7.             Par courriers des 31 mars et 15 juin 2022, A______ SA a informé le département des décisions rendues par ces juridictions et du fait que B______ SA, qui disposait d'un délai au 16 mai 2022 pour s'y conformer, ne l'avait pas encore fait.

8.             Par réponse du 16 septembre 2022, se rapportant aux procédures I-4______ et DD 5______, le département a invité A______ SA à faire exécuter les décisions de justice auprès d'B______ SA sur la base de l'article 292 du Code pénal.

9.             Dans un autre courrier également daté du 16 septembre 2022, le département, faisant suite à la visite du 7 février 2020, a attiré l'attention de A______ SA sur le fait que l'aménagement du sous-sol ne correspondait pas à la DD 5______/1, que la cour intérieure était dépourvue de garde-corps et que les portes de l'ensemble des logements du rez-de-chaussée au 4ème étage, ainsi que la porte d'entrée au sous-sol, devaient être conformes à la norme EI30. A______ SA était invitée à se déterminer à ce sujet.

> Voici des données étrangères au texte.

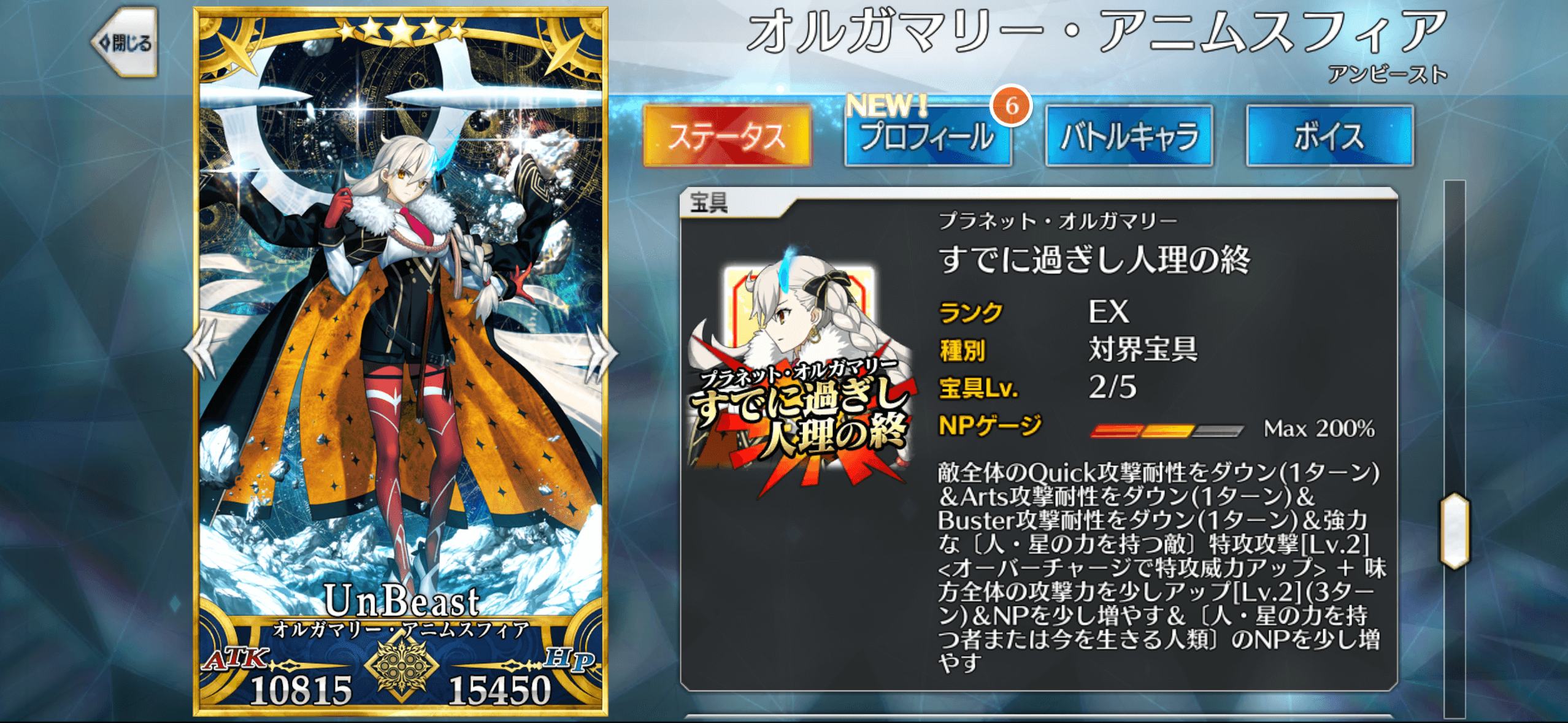 自身の宝具ダメージだけでなく、補助性能目線でも横並べで編成するオルガマリーの宝具はLv5が望ましいです。なぜなら、宝具効果で付与できる、全体攻撃力アップの効果が宝具レベル依存で変化するからです。
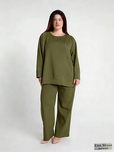 Dva‑dela ženski komplet – dukserica i pantalone sa širokim nogavicama - Materijal: meka, glatka duks tkanina prijatna za kožu, srednje debljine. - Gornji deo: klasična dukserica sa okruglim izrezo...
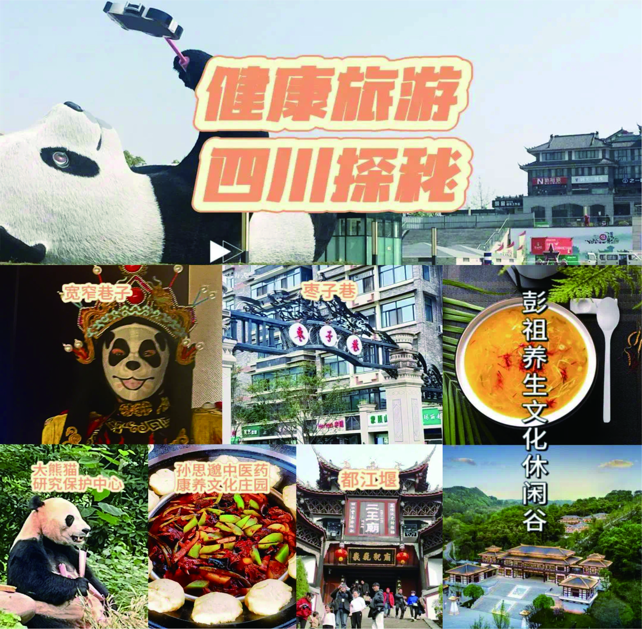 宽窄巷子-枣子巷-大熊猫保护研究中心-孙思邈中医药康养文化庄园-都江堰景区-九寨沟康养度假区-雅安-彭祖养生文化休闲谷-攀西

10.         Par courrier du 29 septembre 2022, A______ SA a répondu que les autorisations de construire DD 5______ et 5______/1 concernaient B______ SA et non pas elle-même et qu'un garde-corps avait été immédiatement installé dans la cour intérieure (ce que démontraient les photographies jointes en annexe).

11.         Par décision du 21 octobre 2022, le département a ordonné à A______ SA de requérir dans les 30 jours une autorisation de construire en procédure accélérée en mentionnant qu'il s'agissait d'une « demande de régularisation I-6______ ». Si A______ SA ne souhaitait pas régulariser la situation, il lui était loisible de procéder à la mise en conformité des lieux dans un délai de 30 jours.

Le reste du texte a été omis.